The strange, tragic deaths of numerous Birhor villagers in Jharkhand State on October 2 continue to reverberate in India, particularly since other so-called tribal peoples have also been dying of mysterious causes.
Eight people died due to unknown circumstances within a few hours of one another that evening in the village of Hindiakala, and evidently a ninth Birhor died there subsequently. During the month of October, at least 20 members of “Primitive Tribal Groups (PTGs),” died in remote Jharkhand villages due to unknown, suspicious causes. News articles up through October 16 reported conflicting statements about the causes of the Birhor deaths, and another story at the end of October only confused the situation further.
Since no autopsies were performed on any of the dead people, factions that support the state government continue to maintain that the people died after they had eaten poisonous plant materials from the forest. Blame the victims, not the government agencies. On the other hand, social and health workers support the state Supreme Court, which found that they had died due to starvation-related causes.
Two articles in Indian news magazines over the past couple weeks have added more insights into what may have happened. India Today reported on November 5 that the state government formed a Committee of Secretaries to investigate the deaths. It included the state secretaries of Health, Welfare, and Rural Development. While the Committee ruled out hunger as a possible cause of the tragedy, it did condemn the government for not accurately determining the cause of death of the victims.
The report by the Committee said that “the Birhors took rice and saag [leafy vegetables] on the night they died. The suspected poisonous saag could be bathua, gandhari and kantela.” The report continues, “starvation death cannot happen in this pattern as the age of [the] deceased varies from one-and-a-half … to 60 years.” The report admits, however, that the plant materials suspected of being poisonous have not been tested for any possible toxic content.
The Committee expressed its shock at how inadequately government services were being provided for people in the remote, tribal villages. Food distribution schemes had not been carried out for years, and the report blamed the governments of the districts within the state for the failures. The state government agencies have prepared appropriate welfare plans, but it is “the district administration which has to implement the schemes.”
In order to provide balance to its reporting, India Today also contacted Balram, the spokesperson for the Supreme Court who was quoted early in October as condemning the state government for the deaths. He is highly critical of the report by the Committee of Secretaries.
The Committee was apparently unable to reach the village of Hindiakala to investigate the issue on the ground since there is no road into the community. And perhaps more to the point, the Central Reserve Police Force was unwilling, perhaps afraid, to provide a military escort so the Committee could visit the village, which is in the heart of Naxalite territory.
The article condemns government agencies on many levels. Many animal species are protected more effectively in India than threatened PTGs; human societies such as the Birhor are declining more rapidly than some of the endangered animals. The article also points out that the literacy rates among the PTGs are very low, the extent of lands they cultivate is below that of other rural people in Jharkhand, and their average monthly income is much less than that of other villagers.
Tehelka, an Indian fortnightly magazine, carried a story about the Birhor tragedy on Friday, November 14. It appears as if the author, Gladson Dungdung, may have had the courage to visit the village—or at least have copied his first paragraph from someone who has.
The article opens dramatically: “The dilapidated houses, scattered utensils, hanging torn clothes, children, barely clad, and the hopeless faces on the men and women are more than enough to reveal the painful realities of Birhors, the tribals residing in Hindiyakala village of Pratapur block in Chatra district of Jharkhand, where nine of them, one after another starved to death just this October.”
The author is quite scornful of government claims that the deaths were due to food poisoning. He argues that since autopsies were not carried out, the state cannot possibly know what happened. Besides, the Birhor certainly ought to have known which wild foods are edible and which are not, he says. And he castigates the investigative Committee of Secretaries for not visiting the Birhor village. “The government officials have always used the [presence] of Naxalites as a major excuse for not going to the remote villages. This time, it was no different,” he writes.

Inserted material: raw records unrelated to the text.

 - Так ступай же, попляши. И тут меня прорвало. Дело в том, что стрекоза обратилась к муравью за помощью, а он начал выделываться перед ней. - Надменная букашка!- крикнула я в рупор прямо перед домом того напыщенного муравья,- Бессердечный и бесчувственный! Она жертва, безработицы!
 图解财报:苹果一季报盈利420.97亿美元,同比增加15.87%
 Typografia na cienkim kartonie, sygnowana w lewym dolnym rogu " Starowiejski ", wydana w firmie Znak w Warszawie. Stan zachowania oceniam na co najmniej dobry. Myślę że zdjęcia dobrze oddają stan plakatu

He describes some of the 20 government welfare schemes for the primitive tribal groups, and argues that little of that support actually makes it to the people in the villages. He provides even more dire figures than the India Today story on the numbers of tribal people who have died due to illnesses caused by starvation over the past month in Jharkhand.

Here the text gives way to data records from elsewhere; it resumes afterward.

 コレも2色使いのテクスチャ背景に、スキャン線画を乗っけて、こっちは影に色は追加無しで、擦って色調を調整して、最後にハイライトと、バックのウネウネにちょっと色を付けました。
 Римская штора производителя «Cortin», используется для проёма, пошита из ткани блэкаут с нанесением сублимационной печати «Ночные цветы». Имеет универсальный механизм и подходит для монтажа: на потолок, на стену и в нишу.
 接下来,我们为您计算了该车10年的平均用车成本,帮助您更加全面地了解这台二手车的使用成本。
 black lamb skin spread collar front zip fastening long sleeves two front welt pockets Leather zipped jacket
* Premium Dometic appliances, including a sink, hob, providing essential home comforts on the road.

The author strongly condemns corruption in government agencies that allows people to steal food grains intended for the poor. Dying of hunger seriously violates human rights guaranteed by the Indian Constitution, he argues. “The lack of awareness, rampant corruption, lack of transparency and accountability are the obvious reasons for the failure of the welfare schemes. The starvation death[s] can not be contained as long as the welfare schemes continue to be milch cows for government officials, dealers and middle men,” he concludes.